The inciting episode of Ben Hania’s follow-up to Oscar-nominated The Man Who Sold His Skin is at first blamed on a wolf. Olfa Haroumi, the mother of the titular daughters, describes the disappearance of her two eldest as a modern Red Riding Hood, her loving nest violently invaded and destroyed by a preying figure. As Four Daughters unravels, the wolf shapeshifts, guilt ping-ponged around those involved in a slyly crafted examination of perspective.
Ben Hania places her latest in the murky patch between fact and fiction, with Olfa and her two youngest joined by actors to reenact key moments of their family’s story. The only exception is the mother, played by both Olfa herself and famed Egyptian actress Hend Sabri. This choice, justified within the film as a means to protect the mother from emotionally-charged sequences, proves a fruitful starting point for investigating the way in which Four Daughters enquires at how much truth can change when prodded and bent to feed into a well-established narrative.
Olfa is a charming figure. And, most importantly, a figure concerned with and aware of the benefits of charming others. The mother’s understanding of her ability to persuade those around her is never more pronounced than when in conversation with Eya and Tassir, her two youngest girls. This makes for Ben Hania’s choice to remove Olfa from some of the film’s most sensitive reenactments an assured feat, with Sabri stepping in to allow the girls the space to express their grief and dissect the thornier aspects of a childhood Olfa is steadfast in framing through rose-tinted glasses.
Eya and Tassir’s willingness to tell their story — and the openness and clarity with which they do — at once muddles and relieves the ethical questionings surrounding Four Daughters. As we have now reached paragraph five, it feels a fitting time to bid farewell to reticence and reveal the tragedy that struck the female clan: in 2012, then teens Rhama and Ghofrane became interested in a group spreading religious propaganda in their impoverished neighbourhood. It didn’t take long for the girls, raised Muslims but not hijab-wearing, to not only adopt the full burqa but convince their sisters to do the same. Months later, the duo left Tunisia to join ISIS in Lybia.

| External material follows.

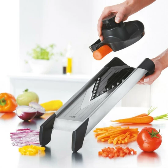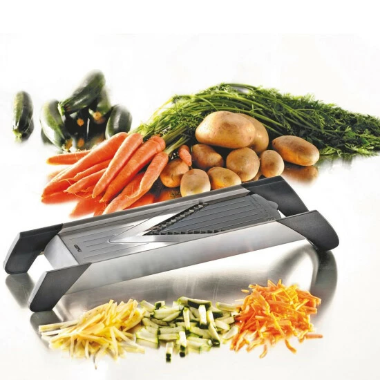 Selbstgemachte Pommes für die hungrige Großfamilie oder zarte Möhrenstifte als Topping und Tellerdeko. Der Hobel wird Dir viele Arbeiten sehr erleichtern.

There are moments in Four Daughters that veer dangerously close to voyeurism. The remaining girls are made to confront the trauma that has forever changed the course of their lives in not only painful detail but also in haunting physical form, with Ben Hania casting two Rahma and Ghofrane lookalikes to stand as ghostly reminders of all the family lost. Alas, by gambling with the flimsy dice of morality, the director crafts a film that successfully bypasses the traps of the gratuitous to find its way towards an uncomfortable but ultimately rewarding catharsis.